Monday, Nov. 05, 1956

New Plays in Manhattan

Separate Tables (by Terence Rattigan) brings quicksilver to a Broadway season still lacking in blood. A big London hit, Separate Tables is as much stunt as drama in effect, as much production as play in appeal. The author of The Winslow Boy and 0 Mistress Mine has written two short plays with a shared background --a small, drab, English seaside hotel--and a recurrent roster of guests. In passing from one play to the other, only the two leading players, Margaret Leighton and Eric Portman--and they vary garishly--have new roles.
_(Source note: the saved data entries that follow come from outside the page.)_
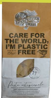
Mondi 意粉包裝——完全由紙製成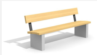
BT.020.B.C Bank Beta - color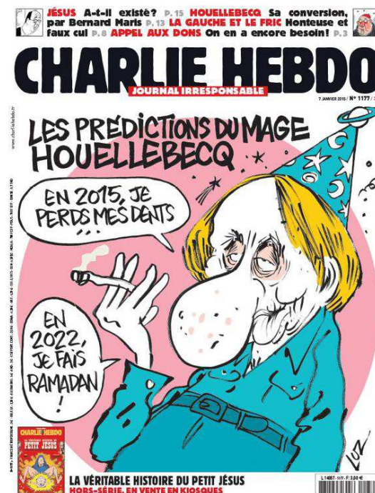
La Une de Charlie Hebdo du 7 janvier 2015

La fatalité a voulu que, le jour même de l'attentat, le nouveau livre de Michel Houellebecq, Soumission 12 , est paru dans les librairies françaises. Il n'y aurait rien d'étrange, si ce n'est que ce roman controversé (le plus attendu de la nouvelle année) traite exactement du futur de l'islam en France : le roman met en scène une France islamisée, en 2022, avec un président musulman issu d'un parti appelé « Fraternité musulmane ». Fatalité supplémentaire : le livre de Houellebecq était à la Une du dernier numéro de Charlie Hebdo , paru lui-aussi le 7 janvier et s'ouvrant avec le titre de : « Les prédictions du mage Houellebecq ».

In Table by the Window they are a once-married couple who meet again after having messed up each other's lives. She is now a desperately chic, a self-seeking but unsought woman who might have married millions but is reduced to modeling and drugs. He, a once tough, talented proletarian who might have been a Labor cabinet minister, is reduced to penny-alining and drink. In Table Number Seven Actor Portman is a natty fraud who has largely invented a dashing military past and a sexually timid duffer who has been pinched for molesting women in cinemas. Actress Leighton is an angular, sniffiy spinster who loves the fraud whom her dragon of a mother exposes and tries to expel.

In both plays Rattigan sounds a like theme--expressed in the symbolism of separate tables--of the awful aloneness, the need for others, of the down-at-heel and down-at-heart. But otherwise, there is a sharp contrast between two lives badly lived and two not lived at all, and a glorious opportunity, on the stars' part, for virtuoso acting. Actor Portman changes as brilliantly from an enraged but powerless bull to a neatly clipped but bleating, lamb as does Actress Leighton from a hard, sick, glossy siren to a sick, quivering dowd. And, as staged by Peter Glenville, both productions are consistently adroit theater, full of gaudy character acting and authoritative ensemble playing.
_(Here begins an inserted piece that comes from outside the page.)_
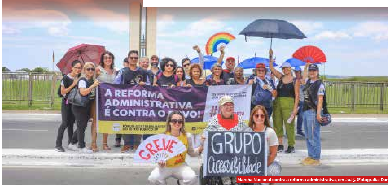
Marcha Nacional contra a reforma administrativa, em 2025.

lógicas, morais, sexuais e patrimoniais. A Convenção 190 impõe aos países signatários a obrigação de prevenir, combater e reparar situações de violência e assédio no trabalho, afirmando que ambientes de trabalho seguros e dignos são condição fundamental para a justiça social e para a proteção da saúde física e mental de trabalhadoras e trabalhadores.

Barring a certain garrulity, Playwright Rattigan has done his full share--in characterization and atmosphere, in sharp touches and emotional scenes--to make such stunt-writing prosper. Indeed, his vivid theater sense is a little disastrously triumphant. There are times when the first drama seems more than arrant make-believe, seems concerned with truth. Unfortunately, Playwright Rattigan has never had the courage of his conceptions, and here--as in The Deep Blue Sea--he wobbles into a miserable happy ending. And in the second play, where he might seem to be protesting against much that is amiss in English life, he emerges an example of much that is amiss with English playwriting: the engines are reversed, the sentimental faucets turned full on. Writers, too, have need of others, of the comforting arms of the public; but the artist's independence of stance, his solitary, separate-table vision, is his one source of lasting power. For him not to sup alone is almost certainly to sup with the Devil.
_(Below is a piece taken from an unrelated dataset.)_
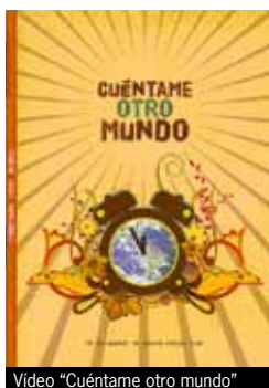
Video "Cuéntame otro mundo"

Durant el primer semestre, s'han associat a Coop57-Aragó l'associació El Cantero de Torrero, espai plural que aplega inquietuds ecologistes, feministes, sindicals i antifeixistes del barri saragossà de Torrero, així com la cooperativa d'iniciativa social 2 Avia, dedicada a la detecció, assessorament i acompanyament terapèutic de persones amb malalties mentals i discapacitats psíquiques i/o físiques. Alhora, 28 persones més han esdevingut sòcies col·laboradores de la secció aragonesa i s'han recollit més de 140.000 euros en noves aportacions voluntàries.

The Best House In Naples (adapted from the Italian of Eduardo de Filippo by F. Hugh Herbert) was the fourth play during October--normally a well-mannered and even patrician theater month --to set Broadway's teeth on edge. Like the other three, it promptly folded. A tale about a painter's bordello-bred mistress who after 23 years tricks him into marrying her, only to produce three grown-up sons, just one of whom--and she won't say which--is the painter's, The Best House in Naples quickly became as nonsensical and tedious as from the outset it was vulgar.